# WHAT THIS TASK INVOLVES:
Transcribe the data exactly, pictures excluded.

# DATA:
——————————

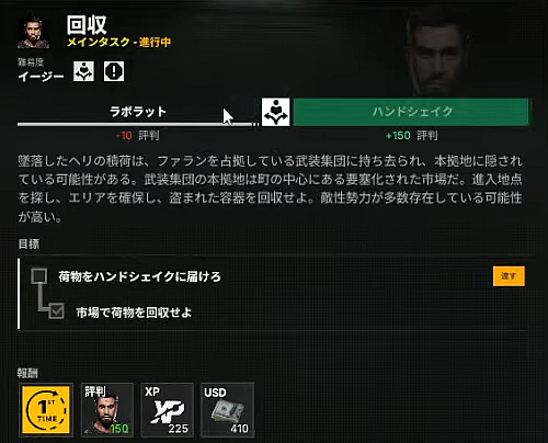 選択タスク:ハンドシェイクに渡すと「ラボラットのタスク・隠密調査」が失敗となる。
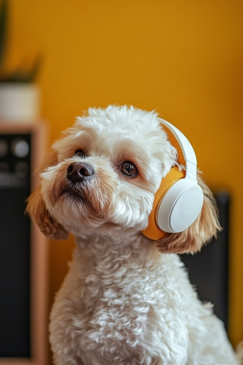 Создано на основе запроса: realistic picture of a Maltipoo listening to music in lofi room
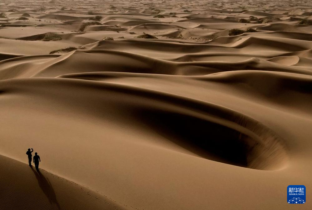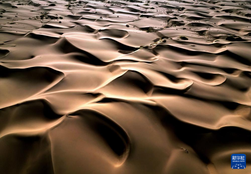 这是9月7日在新疆喀什地区麦盖提县N39°沙漠旅游景区拍摄的沙漠风光(无人机照片)。

——————————

# EXERCISE RESPONSE:
 選択タスク:ハンドシェイクに渡すと「ラボラットのタスク・隠密調査」が失敗となる。
 Создано на основе запроса: realistic picture of a Maltipoo listening to music in lofi room
 这是9月7日在新疆喀什地区麦盖提县N39°沙漠旅游景区拍摄的沙漠风光(无人机照片)。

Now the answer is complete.